# Brody's labs and vaccination titer results ...



## Brodysmom (Jan 8, 2009)

I had Brody into the vet for his annual exam, heartworm test, bloodwork, and vaccination titers. His exam was great - his knees are firmly seated with no sign of luxation which was a relief. LP is such a problem in our breed. Teeth are excellent, good body condition, etc. I had a complete blood panel drawn, including thyroid. All blood values came back within normal range. Kidneys (BUN and creatinine), liver enzymes, electrolytes (potassium, calcium, mag, etc) as well as hemoglobin and T4 (thyroid). The vet said he was the picture of health.  But what I was most interested in was his antibodies. 

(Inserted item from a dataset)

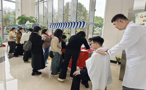 “中醫(yī)把脈”攤位致力于守護(hù)職場人群身心健康。攤位前,專業(yè)醫(yī)師現(xiàn)場為樓宇職工提供脈診咨詢、養(yǎng)生指導(dǎo)、肩頸放松等服務(wù),還針對性地為大家講解久坐護(hù)眼護(hù)腰、日常科學(xué)作息和有效瘦身減肥等健康知識(shí),受到了現(xiàn)場一眾企業(yè)年輕職工的熱烈歡迎。“公益宣傳”攤位,志愿者積極開展反詐、消防、法律等知識(shí)科普,全面提升群眾安全防范與法治意識(shí),筑牢安全防護(hù)網(wǎng)。

I had titers drawn to check immune response to parvo, distemper, and rabies (which takes longer and is pending). The parvo and distemper titers showed adequate response to vaccination, so I was thrilled to see those results. 

Brody was vaccinated as a puppy at 10 weeks, 13 weeks, and 16 weeks. He had the rabies vaccine at 6 months. He has not had any vaccinations since and he is 2 1/2 years old. He will likely not be vaccinated again in his lifetime. The vet gave us a waiver for the rabies vaccine so we are in compliance with local and state laws. 

I may titer again in a year or so but there is no reason to believe that vaccinations do not last for the life of the dog. Duration of immunity studies are proving that to be true. 

Some good links in case of anyone is interested in titering and vaccination/immunology info:

TITER TEST

Age and long-term protective immunity in dogs and ... [J Comp Pathol. 2010] - PubMed result

Science of Vaccine Damage

Here's a copy of his titer results and a picture. Just because he's a good boy.


----------



## Yoshismom (Jul 6, 2005)

Great news!


----------



## KayC (May 3, 2005)

Tracy, that is great. I am sure his raw diet plays a big part in his perfect health and teeth. I havent had Zoey vaccinated since her rabbies (I waited until she was 1 year) either. I hope I don't have to.


----------



## Adrienne (Apr 3, 2009)

Yay!!! Good Job Brody on your perfect health!


----------



## Natti (Jun 24, 2010)

Excellent results!!


----------



## widogmom (Mar 23, 2011)

My vet agrees with you about the vaccines - we have stopped vaccinating Kali since her immune-mediated thrombocytopenia, and have a waiver letter as well. I have been skeptical of the vaccine schedule since I found out that the one-year rabies and the three-year rabies are virtually identical (except for the price, of course).


----------



## Brodysmom (Jan 8, 2009)

widogmom said:


> My vet agrees with you about the vaccines - we have stopped vaccinating Kali since her immune-mediated thrombocytopenia, and have a waiver letter as well. I have been skeptical of the vaccine schedule since I found out that the one-year rabies and the three-year rabies are virtually identical (except for the price, of course).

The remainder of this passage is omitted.